TRY IT: Everything from the line that holds "517 - أَحْمد" through the end of the records below is to be transcribed exactly, except the pictures.

PROVIDED DATA:
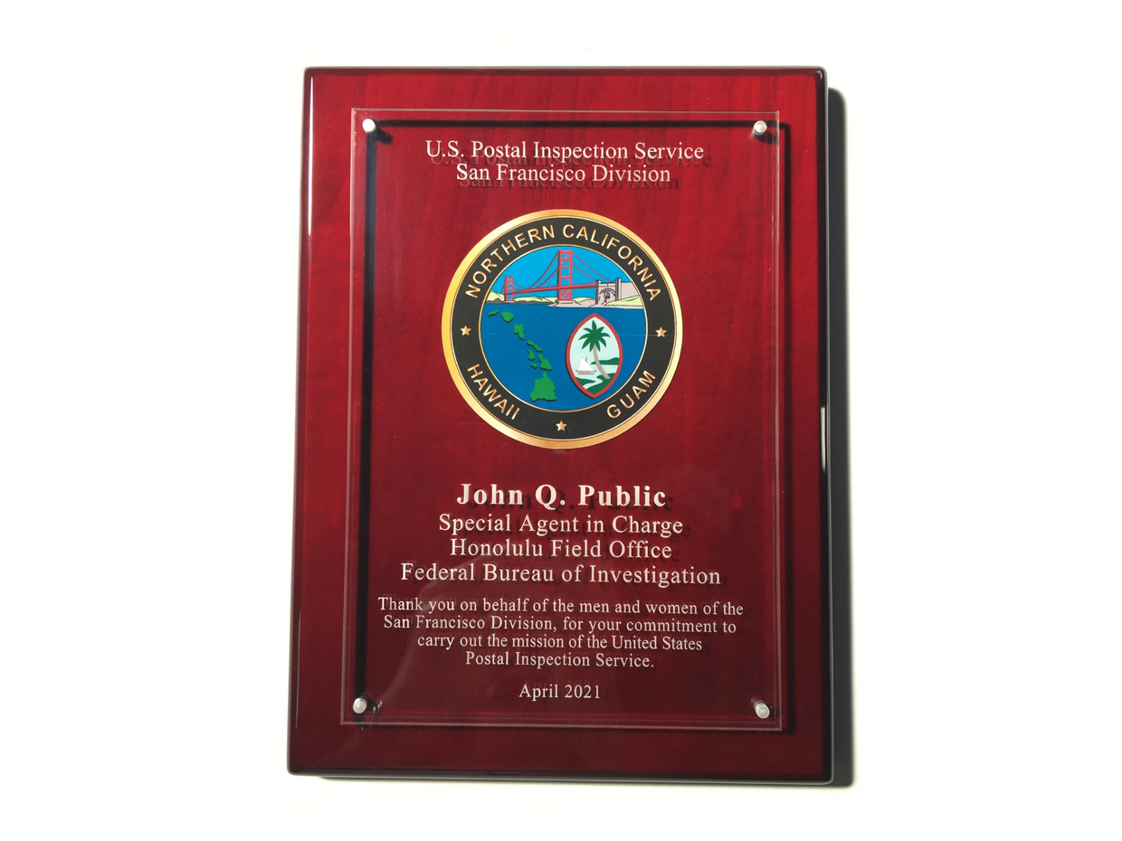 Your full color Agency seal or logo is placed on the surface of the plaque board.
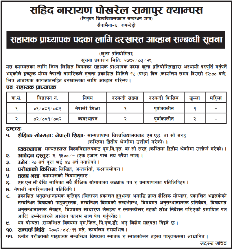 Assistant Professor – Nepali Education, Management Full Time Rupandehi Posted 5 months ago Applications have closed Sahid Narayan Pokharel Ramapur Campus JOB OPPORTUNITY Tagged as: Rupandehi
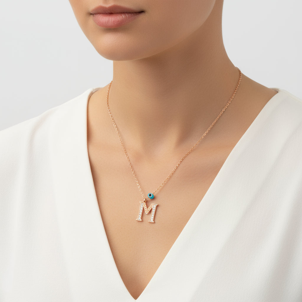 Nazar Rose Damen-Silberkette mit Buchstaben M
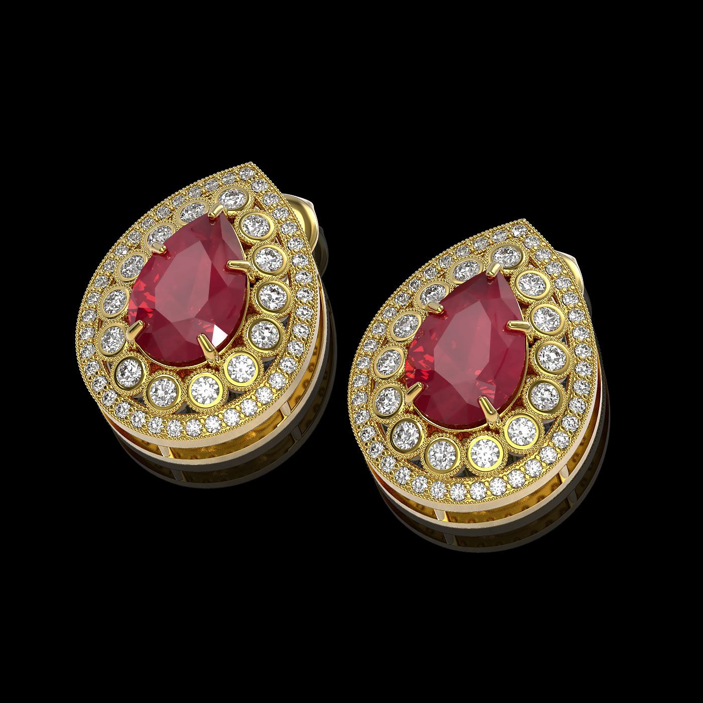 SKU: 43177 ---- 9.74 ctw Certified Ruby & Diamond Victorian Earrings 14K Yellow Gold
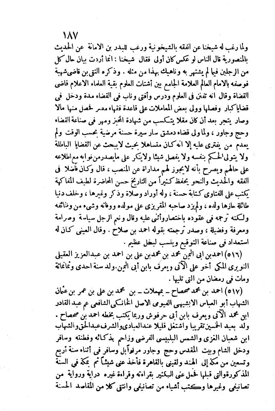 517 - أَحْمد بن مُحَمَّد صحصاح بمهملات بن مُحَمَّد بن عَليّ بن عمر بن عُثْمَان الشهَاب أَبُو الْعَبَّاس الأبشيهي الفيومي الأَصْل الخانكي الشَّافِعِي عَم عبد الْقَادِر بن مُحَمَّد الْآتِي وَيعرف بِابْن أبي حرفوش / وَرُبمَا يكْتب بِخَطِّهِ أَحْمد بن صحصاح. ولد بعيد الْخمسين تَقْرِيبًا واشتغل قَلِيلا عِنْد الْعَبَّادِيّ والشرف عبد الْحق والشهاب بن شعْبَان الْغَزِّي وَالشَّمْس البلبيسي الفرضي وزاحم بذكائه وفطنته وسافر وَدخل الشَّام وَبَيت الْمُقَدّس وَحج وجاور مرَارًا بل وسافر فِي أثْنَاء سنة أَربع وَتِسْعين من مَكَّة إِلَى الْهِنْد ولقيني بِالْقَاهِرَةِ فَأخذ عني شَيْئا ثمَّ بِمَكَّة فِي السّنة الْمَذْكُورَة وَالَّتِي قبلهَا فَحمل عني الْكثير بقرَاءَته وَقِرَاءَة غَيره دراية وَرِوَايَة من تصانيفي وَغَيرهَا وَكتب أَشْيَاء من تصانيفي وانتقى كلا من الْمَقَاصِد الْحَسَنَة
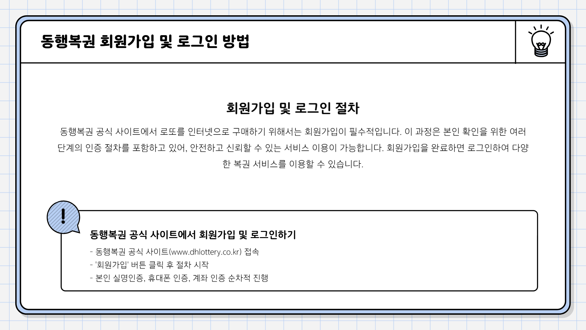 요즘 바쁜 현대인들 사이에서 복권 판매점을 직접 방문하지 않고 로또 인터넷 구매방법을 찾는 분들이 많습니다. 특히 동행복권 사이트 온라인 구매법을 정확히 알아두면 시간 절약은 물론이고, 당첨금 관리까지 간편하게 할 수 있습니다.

COMPLETED EXERCISE:
 517 - أَحْمد بن مُحَمَّد صحصاح بمهملات بن مُحَمَّد بن عَليّ بن عمر بن عُثْمَان الشهَاب أَبُو الْعَبَّاس الأبشيهي الفيومي الأَصْل الخانكي الشَّافِعِي عَم عبد الْقَادِر بن مُحَمَّد الْآتِي وَيعرف بِابْن أبي حرفوش / وَرُبمَا يكْتب بِخَطِّهِ أَحْمد بن صحصاح. ولد بعيد الْخمسين تَقْرِيبًا واشتغل قَلِيلا عِنْد الْعَبَّادِيّ والشرف عبد الْحق والشهاب بن شعْبَان الْغَزِّي وَالشَّمْس البلبيسي الفرضي وزاحم بذكائه وفطنته وسافر وَدخل الشَّام وَبَيت الْمُقَدّس وَحج وجاور مرَارًا بل وسافر فِي أثْنَاء سنة أَربع وَتِسْعين من مَكَّة إِلَى الْهِنْد ولقيني بِالْقَاهِرَةِ فَأخذ عني شَيْئا ثمَّ بِمَكَّة فِي السّنة الْمَذْكُورَة وَالَّتِي قبلهَا فَحمل عني الْكثير بقرَاءَته وَقِرَاءَة غَيره دراية وَرِوَايَة من تصانيفي وَغَيرهَا وَكتب أَشْيَاء من تصانيفي وانتقى كلا من الْمَقَاصِد الْحَسَنَة
 요즘 바쁜 현대인들 사이에서 복권 판매점을 직접 방문하지 않고 로또 인터넷 구매방법을 찾는 분들이 많습니다. 특히 동행복권 사이트 온라인 구매법을 정확히 알아두면 시간 절약은 물론이고, 당첨금 관리까지 간편하게 할 수 있습니다.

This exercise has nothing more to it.